» Material provided
○ ○ ○

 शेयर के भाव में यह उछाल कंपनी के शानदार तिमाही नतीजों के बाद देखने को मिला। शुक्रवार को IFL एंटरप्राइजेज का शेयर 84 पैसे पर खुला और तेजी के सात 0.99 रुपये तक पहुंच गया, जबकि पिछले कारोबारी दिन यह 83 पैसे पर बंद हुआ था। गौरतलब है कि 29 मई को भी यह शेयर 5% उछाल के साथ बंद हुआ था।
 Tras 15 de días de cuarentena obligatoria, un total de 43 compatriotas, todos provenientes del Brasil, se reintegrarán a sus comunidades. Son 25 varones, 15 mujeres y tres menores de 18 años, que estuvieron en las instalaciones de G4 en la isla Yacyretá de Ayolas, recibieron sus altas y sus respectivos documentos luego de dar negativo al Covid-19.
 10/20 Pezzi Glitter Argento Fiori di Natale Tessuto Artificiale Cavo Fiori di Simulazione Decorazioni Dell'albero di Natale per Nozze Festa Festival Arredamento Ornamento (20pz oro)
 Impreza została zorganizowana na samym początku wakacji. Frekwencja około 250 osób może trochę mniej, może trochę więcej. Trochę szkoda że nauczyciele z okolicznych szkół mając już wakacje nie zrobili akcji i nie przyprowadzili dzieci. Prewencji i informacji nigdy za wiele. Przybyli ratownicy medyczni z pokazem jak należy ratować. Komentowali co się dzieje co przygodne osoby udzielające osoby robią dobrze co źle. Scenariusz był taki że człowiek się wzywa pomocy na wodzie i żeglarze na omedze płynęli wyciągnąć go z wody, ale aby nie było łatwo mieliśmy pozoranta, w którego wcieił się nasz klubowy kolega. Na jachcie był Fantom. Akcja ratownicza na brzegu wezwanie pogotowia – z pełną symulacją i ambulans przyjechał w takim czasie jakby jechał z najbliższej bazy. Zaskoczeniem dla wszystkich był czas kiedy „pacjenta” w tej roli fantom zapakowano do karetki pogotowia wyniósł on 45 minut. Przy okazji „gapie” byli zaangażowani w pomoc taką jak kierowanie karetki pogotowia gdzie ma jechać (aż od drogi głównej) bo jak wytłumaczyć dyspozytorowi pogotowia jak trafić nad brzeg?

○ ○ ○

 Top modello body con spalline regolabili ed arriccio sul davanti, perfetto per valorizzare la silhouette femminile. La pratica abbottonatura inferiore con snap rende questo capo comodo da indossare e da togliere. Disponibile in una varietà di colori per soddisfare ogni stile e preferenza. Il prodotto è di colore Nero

○ ○ ○

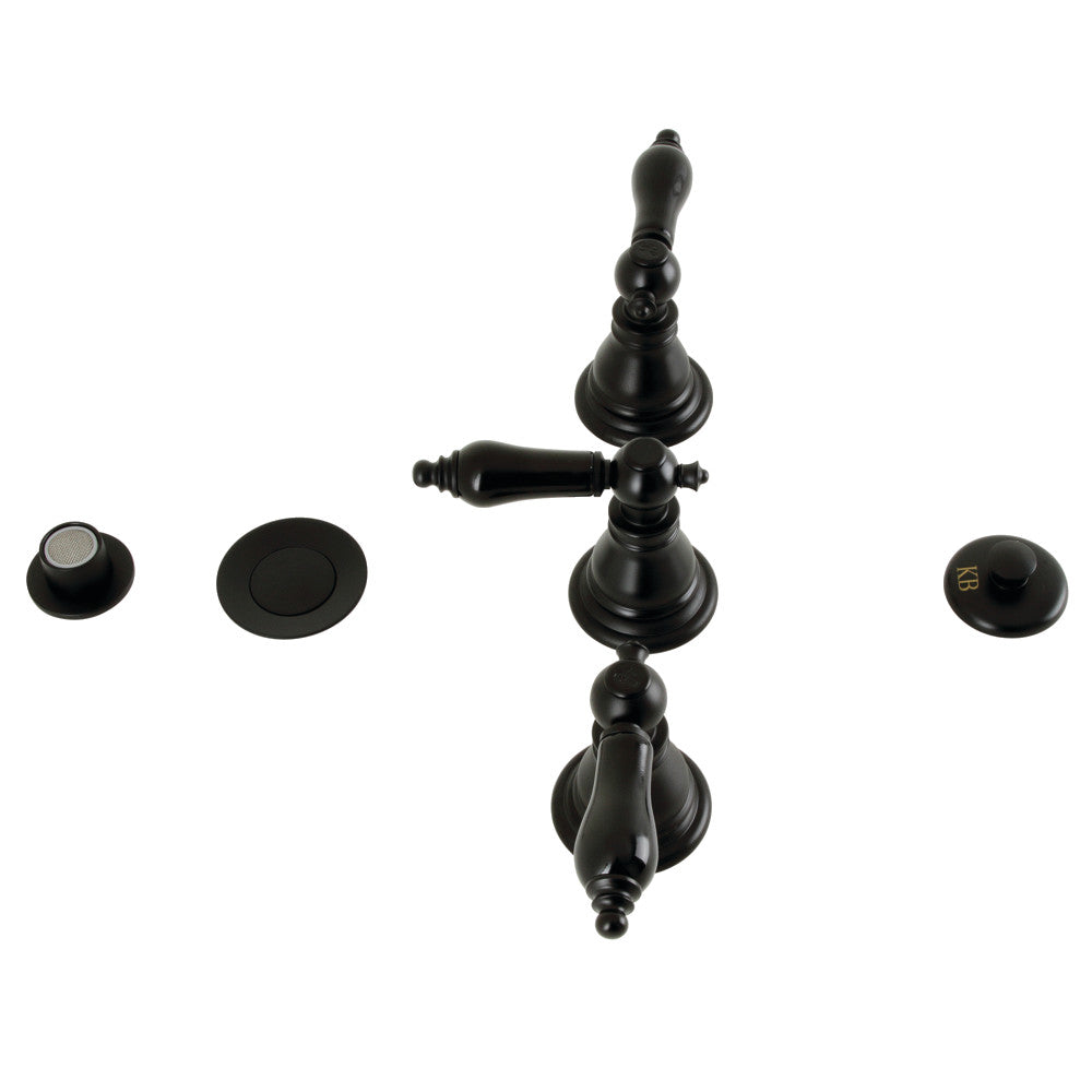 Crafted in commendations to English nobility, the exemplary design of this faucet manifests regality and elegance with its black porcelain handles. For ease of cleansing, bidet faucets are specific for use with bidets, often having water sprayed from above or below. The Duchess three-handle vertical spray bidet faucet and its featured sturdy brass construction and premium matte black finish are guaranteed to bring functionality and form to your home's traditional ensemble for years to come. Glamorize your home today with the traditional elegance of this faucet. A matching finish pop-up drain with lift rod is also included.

○ ○ ○

» Task objective
Retype exactly the span of lines from the one with "शेयर के भाव" through the one with "10/20 Pezzi Glitter"; include both ends and omit the rest of the material.

» Output of the task
 शेयर के भाव में यह उछाल कंपनी के शानदार तिमाही नतीजों के बाद देखने को मिला। शुक्रवार को IFL एंटरप्राइजेज का शेयर 84 पैसे पर खुला और तेजी के सात 0.99 रुपये तक पहुंच गया, जबकि पिछले कारोबारी दिन यह 83 पैसे पर बंद हुआ था। गौरतलब है कि 29 मई को भी यह शेयर 5% उछाल के साथ बंद हुआ था।
 Tras 15 de días de cuarentena obligatoria, un total de 43 compatriotas, todos provenientes del Brasil, se reintegrarán a sus comunidades. Son 25 varones, 15 mujeres y tres menores de 18 años, que estuvieron en las instalaciones de G4 en la isla Yacyretá de Ayolas, recibieron sus altas y sus respectivos documentos luego de dar negativo al Covid-19.
 10/20 Pezzi Glitter Argento Fiori di Natale Tessuto Artificiale Cavo Fiori di Simulazione Decorazioni Dell'albero di Natale per Nozze Festa Festival Arredamento Ornamento (20pz oro)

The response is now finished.